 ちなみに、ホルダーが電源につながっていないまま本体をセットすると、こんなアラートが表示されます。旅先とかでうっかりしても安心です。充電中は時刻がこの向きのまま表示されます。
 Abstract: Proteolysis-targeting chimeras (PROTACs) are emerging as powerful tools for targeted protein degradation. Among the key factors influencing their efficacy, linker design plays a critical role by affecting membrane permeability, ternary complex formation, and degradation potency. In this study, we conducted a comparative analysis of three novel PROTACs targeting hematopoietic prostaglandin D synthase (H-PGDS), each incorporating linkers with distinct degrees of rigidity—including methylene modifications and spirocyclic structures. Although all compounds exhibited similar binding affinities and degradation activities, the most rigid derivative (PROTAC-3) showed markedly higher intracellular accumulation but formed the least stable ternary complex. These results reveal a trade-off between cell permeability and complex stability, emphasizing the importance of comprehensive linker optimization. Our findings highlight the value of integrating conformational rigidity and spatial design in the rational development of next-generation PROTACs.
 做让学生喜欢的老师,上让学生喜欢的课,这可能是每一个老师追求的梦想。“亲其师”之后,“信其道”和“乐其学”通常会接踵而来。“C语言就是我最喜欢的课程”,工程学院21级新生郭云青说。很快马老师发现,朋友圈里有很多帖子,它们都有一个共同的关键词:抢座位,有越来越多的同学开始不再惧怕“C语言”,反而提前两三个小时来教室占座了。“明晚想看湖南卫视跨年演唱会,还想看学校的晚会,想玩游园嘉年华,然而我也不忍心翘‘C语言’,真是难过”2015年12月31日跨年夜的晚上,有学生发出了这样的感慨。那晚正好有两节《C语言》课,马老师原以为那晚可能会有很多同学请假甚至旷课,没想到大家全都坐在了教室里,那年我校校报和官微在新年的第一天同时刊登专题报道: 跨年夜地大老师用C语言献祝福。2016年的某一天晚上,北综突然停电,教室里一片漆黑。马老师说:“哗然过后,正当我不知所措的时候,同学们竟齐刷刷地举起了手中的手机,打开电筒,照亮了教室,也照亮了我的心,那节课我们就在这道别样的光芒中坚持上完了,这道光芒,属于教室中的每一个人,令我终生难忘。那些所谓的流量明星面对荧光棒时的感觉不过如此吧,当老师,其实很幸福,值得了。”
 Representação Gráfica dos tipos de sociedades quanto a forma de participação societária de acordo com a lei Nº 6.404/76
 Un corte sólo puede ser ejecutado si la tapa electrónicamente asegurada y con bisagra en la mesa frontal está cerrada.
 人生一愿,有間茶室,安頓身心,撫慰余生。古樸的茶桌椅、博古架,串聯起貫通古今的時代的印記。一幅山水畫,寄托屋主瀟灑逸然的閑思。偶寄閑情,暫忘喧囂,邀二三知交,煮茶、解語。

━━━━━━━━━━━━━━━━━━━━━━━━━━━━━━

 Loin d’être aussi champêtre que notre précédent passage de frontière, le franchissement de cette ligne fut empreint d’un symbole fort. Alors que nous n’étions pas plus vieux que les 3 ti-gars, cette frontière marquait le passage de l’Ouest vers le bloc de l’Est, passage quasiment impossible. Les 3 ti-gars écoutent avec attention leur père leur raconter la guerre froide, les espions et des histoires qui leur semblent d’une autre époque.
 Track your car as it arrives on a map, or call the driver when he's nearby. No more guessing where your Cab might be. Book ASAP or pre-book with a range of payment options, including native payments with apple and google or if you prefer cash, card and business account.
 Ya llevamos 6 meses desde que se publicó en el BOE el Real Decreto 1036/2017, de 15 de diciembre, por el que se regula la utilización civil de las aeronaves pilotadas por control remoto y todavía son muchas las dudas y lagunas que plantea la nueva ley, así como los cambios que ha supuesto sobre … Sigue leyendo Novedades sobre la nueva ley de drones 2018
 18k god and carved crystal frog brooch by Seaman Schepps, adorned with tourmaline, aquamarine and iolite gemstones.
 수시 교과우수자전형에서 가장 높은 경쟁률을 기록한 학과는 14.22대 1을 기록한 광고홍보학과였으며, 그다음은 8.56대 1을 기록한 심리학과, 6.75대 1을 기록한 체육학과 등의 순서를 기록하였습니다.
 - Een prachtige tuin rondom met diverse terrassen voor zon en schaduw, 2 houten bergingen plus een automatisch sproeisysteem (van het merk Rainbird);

━━━━━━━━━━━━━━━━━━━━━━━━━━━━━━

**Task item**.
Only the lines above starting with the one with "Ya llevamos 6" and going through the one with "- Een prachtige" are to be copied, word for word and with both ends kept.

**Written response**.
 Ya llevamos 6 meses desde que se publicó en el BOE el Real Decreto 1036/2017, de 15 de diciembre, por el que se regula la utilización civil de las aeronaves pilotadas por control remoto y todavía son muchas las dudas y lagunas que plantea la nueva ley, así como los cambios que ha supuesto sobre … Sigue leyendo Novedades sobre la nueva ley de drones 2018
 18k god and carved crystal frog brooch by Seaman Schepps, adorned with tourmaline, aquamarine and iolite gemstones.
 수시 교과우수자전형에서 가장 높은 경쟁률을 기록한 학과는 14.22대 1을 기록한 광고홍보학과였으며, 그다음은 8.56대 1을 기록한 심리학과, 6.75대 1을 기록한 체육학과 등의 순서를 기록하였습니다.
 - Een prachtige tuin rondom met diverse terrassen voor zon en schaduw, 2 houten bergingen plus een automatisch sproeisysteem (van het merk Rainbird);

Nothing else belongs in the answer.